Friday, July 16, 2010

Gambler's Heart

...Yamamoto possessed the rank, prestige, and administrative skill to do something about it. In the Navy he was known as a bold, original thinker and an inveterate gambler. He thrived on all night poker games, testing his opponents' nerves, endurance, and patience - just as he tested himself. "In all games, Yamamoto loved to take chances just as he did in naval strategy," explained his administrative aide, Captain Yasuji Watanabe. "He had a gambler's heart."
Yamamoto's decision to attack the Pacific Fleet at Pearl Harbor not only was breathtakingly bold but involved a revolutionary, hitherto untried use of naval airpower - an experimental concept untested in the crucible of battle. "What a strange position I find myself in," Yamamoto wrote to his friend Rear Admiral Teikichi Hori on the eve of the fleet's departure, "-having to pursue with full determination a course of action which is diametrically opposed to my best judgment and firmest conviction. That, too, perhaps is fate."
Jean Edward Smith, FDR, (New York: Random House, 2007), 532-534.
Isoroku Yamamoto was Naval General of the Japanese Navy at the time of Pearl Harbor. Although attacking America was not his favored position, he took upon himself to do it in a creative way that was built upon risk. He used an untested method to fight the battle while putting everything - including his best judgment - on the line. The attack on Pearl Harbor was breathtaking for its incredible destruction & success. It was a gambler's strategy & it worked to nearly flawless perfection. Of course we can look back and judge Japan for helping the United States enter the war - which would lead to the downfall of the Axis powers. However, at the time of the attack on Pearl Harbor, all that was known was that Japan needed a big W on the board to help boost morale and nail the US where it counted. The gambler's heart of Yamamoto lead to the plan that accomplished that.
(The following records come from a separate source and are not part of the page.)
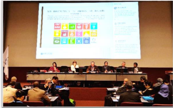
บรรยากาศระหว่างการประชุมคณะกรรมการสามัญสหภาพ รัฐสภาว่าด้วยกิจการสหประชาชาติ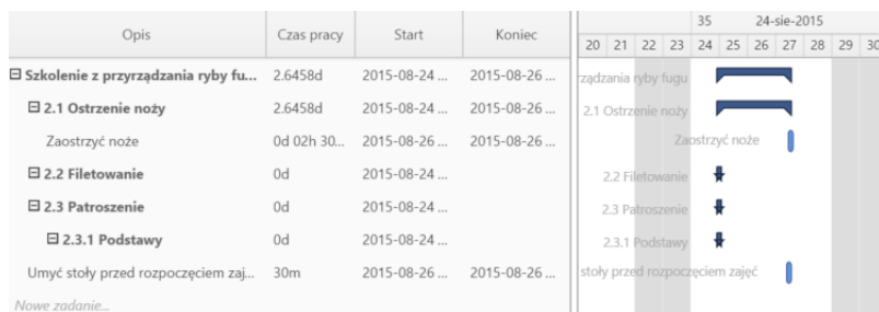
Przykładowy wykres Gantta w sprawie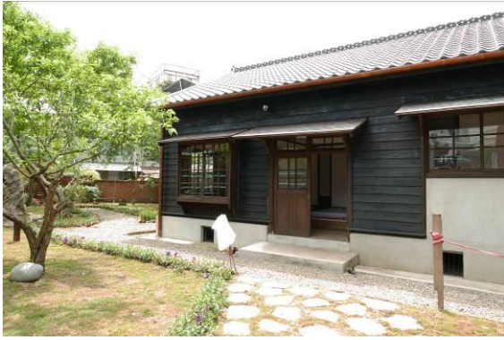
關西分駐所建築群修復後將成為臺三線上重要的文化節點，圖為首棟完成修復之所長宿舍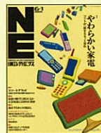
【エレクトロニクス総合誌】 日経エレクトロニクス 98年8/10号～

I admire the gambler's heart. I admire the courage. I admire taking chances and putting experimental concepts into practice. It certainly must lead to a fair share of mistakes, accidents, and disaters. But as they say in Vegas - you have to bet big to win big. My life doesn't resemble that of Yamamoto. I do not have the gambler's heart or the desire to risk it all. I like to think I do. I like to talk like I do. But the reality is I almost always play it safe. But why not risk? Life is so short and you only get one shot at it. Your untested plans, goals, dreams, and strategies are waiting to be used. Double check to make sure the convictions and judgment that holds you back is not based upon fear. Just go.

Bet it all. Take that chance. The gambler's heart leads to the big reward.